In July Gunner Wills was in northern France, seconded to the 4th Divisional Ammunition Column. On 19 and 20 July, the 4th Division Artillery participated in the disastrous attack at Fromelles, during which the Australian 5th Division suffered over 5,000 casualties. During the operation, the 4th Divisional Ammunition Column was responsible for supplying more than 25,000 rounds of ammunition to the divisional artillery.

In September Wills was attached to the Australian Service Corps before attending Trench Mortar School; but on returning to the field he received two weeks of heavy labouring duties for disobeying a superior officer. He returned to the divisional ammunition column, later transferring back to the artillery to be posted to the divisional trench mortars.

In May 1917 Wills reverted to being a gunner and was posted to a heavy trench mortar battery of the 4th Divisional Artillery. Shortly afterwards, his unit was involved in the battle of Messines, providing a preliminary bombardment to put pressure on the enemy during the days leading up to the infantry assault.

Ernest Wills did not live to see the battle of Messines launched, or the success that followed. On 2 June, five days before the operation was due to begin, he was seriously wounded by an enemy shell, which shattered his face, seriously damaged his left arm, and caused a compound fracture to his spine. He was taken to a field ambulance, but due to the severity of his wounds he died the same day.

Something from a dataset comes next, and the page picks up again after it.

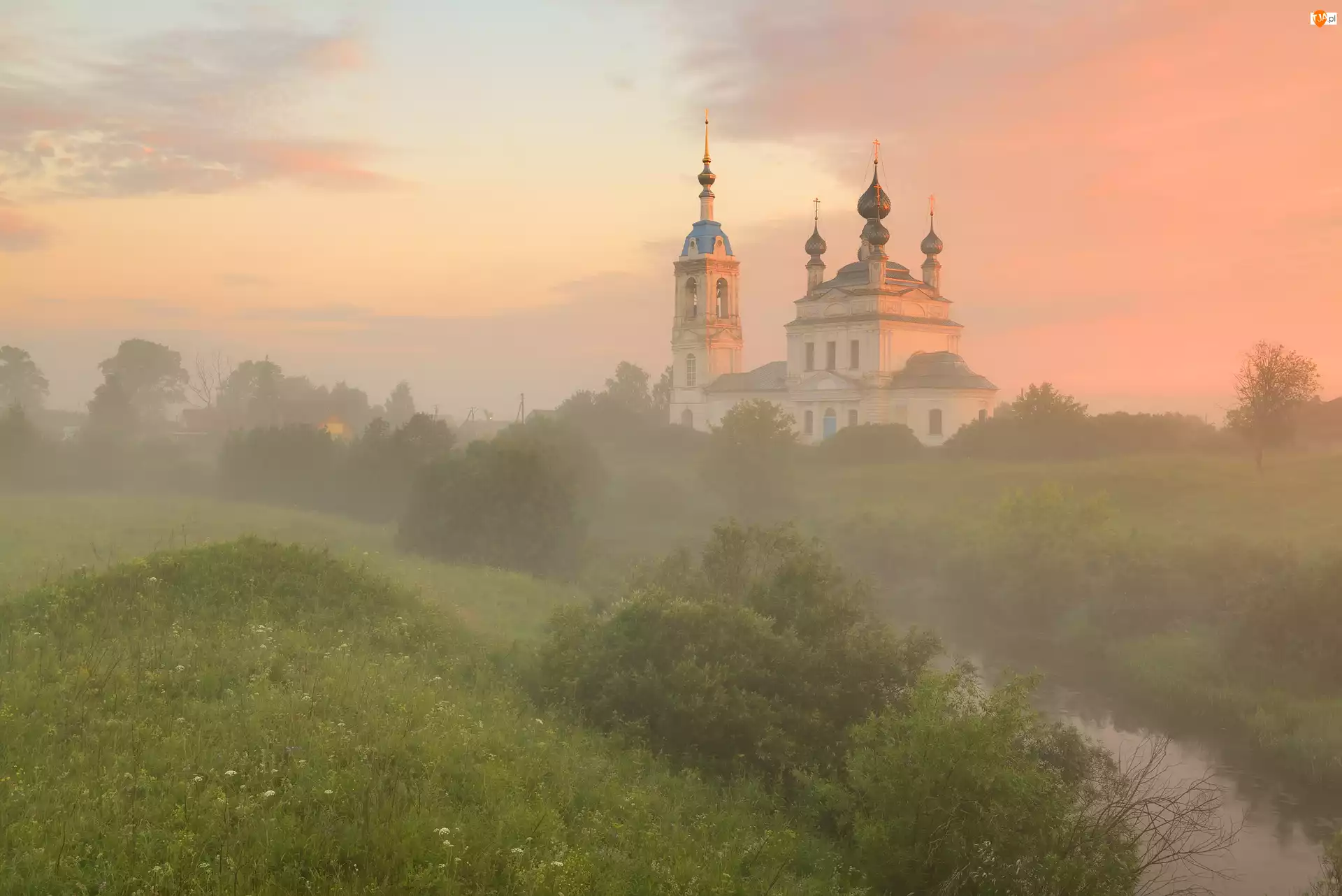 Cerkiew, Wschód słońca, Mgła, Drzewa, Jesień, Rzeka

He was buried at the nearby Pont-D’Achelles Military Cemetery, in Nieppe, France, where he lies today.

He was 34 years old.

His name is listed on the Roll of Honour on my left, among almost 62,000 Australians who died while serving in the First World War.
This is but one of the many stories of service and sacrifice told here at the Australian War Memorial. We now remember Gunner Ernest John Wills, who gave his life for us, for our freedoms, and in the hope of a better world.